Images of Ojos del Salado (left) and Aconcagua (right) by Cedric Larcher.
Climber on Ojos del Salado altitude controversy: Aconcagua is tallest - beyond doubt
Posted: Dec 15, 2006 01:20 pm EST
(MountEverest.net) Two weeks ago we ran the story about a controversy flying in Chilean media, regarding Ojos del Salado possibly being higher than Aconcagua, and also the only 7000er in America.
Local Andes Magazine quoted René Gajardo, the first Chilean to summit Ojos del Salado in 1956, who reportedly measured its central summit to 7.084 m and doubted other topographic studies done on the mountain.
Summiteer Janne Corax: Article of interest only to the ignorant
Andes Magazine published other testimonies as well, and concluded with a call for climbers and researchers to organize an expedition in order to properly measure the peak and clear up the question once and for all.
ExplorersWeb mentioned that the claims are far from proven, and also noted that there have been several meassuring expeditions both on Aconcagua and Ojos del Salado. One who climbed and measured both is Janne Corax, and he's pretty annoyed with the entire debate. "This article may be of interest for those who have no clue on the subject," he wrote in an email to ExplorerWeb after the story broke.
"Altitudes correct beyond any reasonable doubt"
"The two peaks, as well as Pissis (which for a long time was considered higher than Ojos del Salado) have been measured time and time again. Personally, I have summited all three peaks, plus a side peak of Pissis (which is almost of the same elevation as the main, just to be sure). On top of that I also climbed Bonete Chico, which on some maps is given at 6852m. All in order to find out the truth about these peak's altitudes."

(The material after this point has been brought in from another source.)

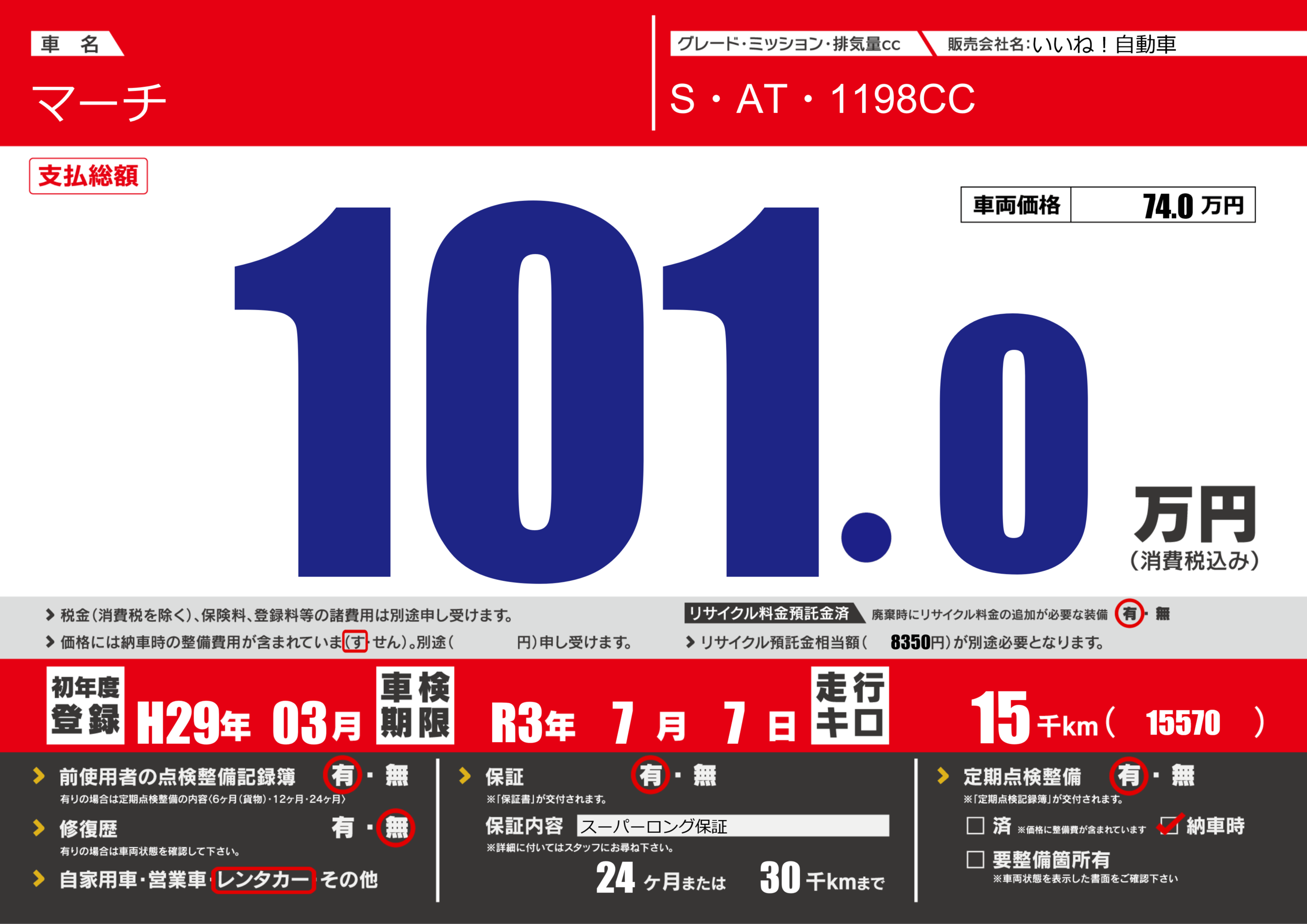 保証付き 保証内容(スーパーロング保証) 24ヶ月または(30)千kmまで |

No further measurements needed
"It's beyond any reasonable doubt they're measured to correct altitudes, give or take 3-15 meters on each of them. The difference in between all four peaks are large enough to rule out a list with a new order. On top of that SRTM data is ok for this area and the discrepancies between these and GPS readings are small."

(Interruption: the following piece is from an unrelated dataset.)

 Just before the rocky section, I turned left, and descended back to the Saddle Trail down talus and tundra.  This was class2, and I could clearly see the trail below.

"It sounds like this article in Los Andes magazine is nothing but incredibly ignorant speculation."
The world's highest Holocene volcano, Nevados Ojos del Salado, rises to aprox. 6887m (depending on the source) along the border between Chile and Argentina. The massive volcanic complex contains numerous craters, cones, and lava domes. No historical eruptions have been recorded, but the volcano is fumarolically active.
Due to its location near the Atacama desert, the mountain has very dry conditions with snow only remaining on the peak during winter. The ascent is mostly a hike except for the final section to the summit which is a difficult scramble that may require ropes. The first ascent was made in 1937 by Polish Jan Alfred Szczepañski and Justyn Wojsznis.

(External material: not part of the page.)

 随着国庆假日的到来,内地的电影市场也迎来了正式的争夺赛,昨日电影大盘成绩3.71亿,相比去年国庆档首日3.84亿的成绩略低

In 1989 a team from the University of Padua in Italy, aided by Argentinean climbers and geologists, surveyed both Aconcagua and Ojos del Salado, measuring them with GPS.
Ojos del Salado was determined to be 6 900m. (22,637 ft), and Aconcagua 6 962m. (22,841 ft) - with a possible error of plus/minus five metres (16 ft). None of the measurements were high precision however, so the debate continues.